If you can't answer "yes" to at least 12 of these 15 questions, redesign the control.
Common Questions From the Field
Let me address the questions I get asked most often:
"How many controls do I need?"
There's no magic number. I've seen successful SOC 2 programs with 40 controls and others with 150. It depends on your complexity, criteria, and risk profile. Focus on coverage, not quantity.
"Can I use the same control for multiple criteria?"
Absolutely. A good access control addresses Security, and potentially Confidentiality and Privacy. Map controls to multiple criteria where applicable—it reduces your total control count.
"What if a control fails during the audit?"
Don't panic. Control deficiencies happen.

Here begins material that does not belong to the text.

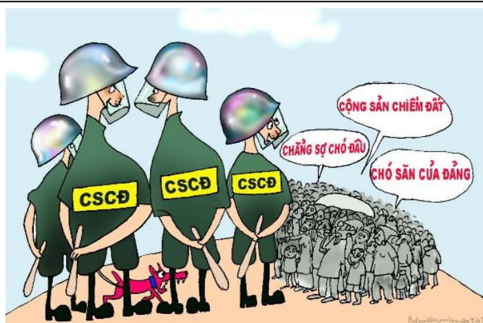
Babui - Danchimviet.net
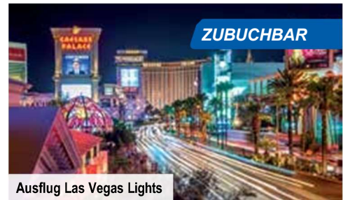
Ausflug Las Vegas Lights

What matters is:
How significant is the deficiency?
Do you have compensating controls?
How quickly can you remediate?
I've seen audits pass with minor deficiencies that were documented and remediated during the audit period.
"Should I design controls to exceed SOC 2 requirements?"
My philosophy: meet SOC 2 requirements first, then exceed them only where it makes business sense. Don't gold-plate controls just to impress auditors—they care about effectiveness, not excess.
The Path Forward
Designing effective SOC 2 controls isn't about security theater. It's about building real, operational security practices that:
Protect your customers' data
Scale with your business
Generate auditable evidence
Create competitive advantage
I'll leave you with a story. In 2023, I worked with a company that had failed their SOC 2 audit twice. They were ready to give up. "Maybe we're just not cut out for enterprise sales," the CEO said.
We redesigned their control environment from scratch using the principles I've shared here. Six months later, they passed their Type II audit with zero deficiencies. Nine months after that, they closed a $3.2 million deal with a Fortune 500 company—a deal that would have been impossible without SOC 2.
The CEO called me after closing the deal. "You know what the craziest part is?" he said. "We're actually more secure now. SOC 2 didn't just help us win deals—it helped us build a better company."
That's what good control design does. It doesn't just satisfy auditors. It makes your business better, stronger, and more resilient.
"Perfect controls don't exist. But effective controls—ones that are well-designed, properly implemented, and consistently operated—those are worth their weight in gold."
Now go design some controls that actually work.